Monday 26 November 2012

Thoughts on Parenting by Adoption


Between our two work schedules life has hectic, but good. This weekend was a (now rare) 2 whole days free together. Quite often I (Pam) will be coming off a night shift Saturday morning or working a day shift on Sunday. It was a wonderful treat.

Sunday afternoon I was off to enjoy some time with a few girlfriends (again, very rare these days). There would be 3 other women and their 4 children. Of the children, 3 were in the 2 - 4 age range.

I couldn't help but think, on the drive there, about how wonderful it will be to have our own Little One to take and share in the fun with the group. Now, this isn't a new thought - this is a thought that has been on my mind since before we were ready to try for a family, but this time if was different. We may very well have a Little One to join in come this time next year.

What a wonderful thought! How miraculous and amazing - a dream that we can realize!

Then I began to picture it in my mind. Our wonderful child, in the car seat on the way over, looking out the windows at the ocean that stretches out forever. Our child, hopping out of the car and reaching his/her small and delicate hand to mine to guide them.

What would it be like? Would s/he run and play and race and squeal with delight with the other children?

No, I don't suppose they will. At least, not at first.

There are some defences that become learnt behaviours as a child grows up in orphanage conditions. There's no fault to be had; the defences are simply product of circumstance.

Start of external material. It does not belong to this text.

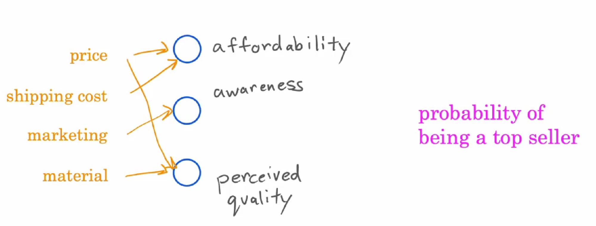 接着,创建一个人工神经元来预测潜在买家对这件T恤衫的认识程度。短袖知名程度归因于营销手段。最后,要创建另一个神经元来估计人们是否认为这是高质量的短袖。这可能是短袖价格和材料质量的函数。
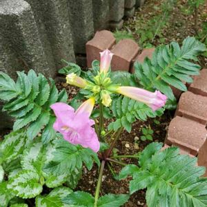 Palさんで購入したインカビレア(インカルビレア?) 『植え付けてから1か月経つけど、全然芽が出ないのよ~💢』と配送のお兄ちゃんに散々愚痴をこぼしましたが(笑) 芽🌱が出た💕と思ったら、あれよあれよという間に成長してお花まで見せてくれています😊 現在、花はティアレラさんのみの北側シェードにちょっと存在感強めの葉っぱとお花🎵咲いてくれて良かったです(笑)

Children from orphanages often have few-to-no possessions of their own, particularly at a young age before they can protect, preserve and defend their own. But they try. They always try. Leave a snack, a toy or a teddy unguarded and it can be gone.

So they learn to do what they can to keep what they have. If you have a toy, put it behind your back to guard it. If you have a treat to eat, don't let anyone get close enough to take it away.

These are justified, normal and expected behaviours.

Taking turns and sharing is new. Giving something to someone else doesn't make sense. Then being able to have it back makes even less sense.

Our child will be new to our life, new to Canada and new to this world in so many ways. S/he will face many hurdles, which we will help them over. There will be many difficulties that other children simply won't have, but with work, patience and love we will all get through, and likely be much stronger for it.

Parenting by adoption is unique. But then so are we. So I think it suits.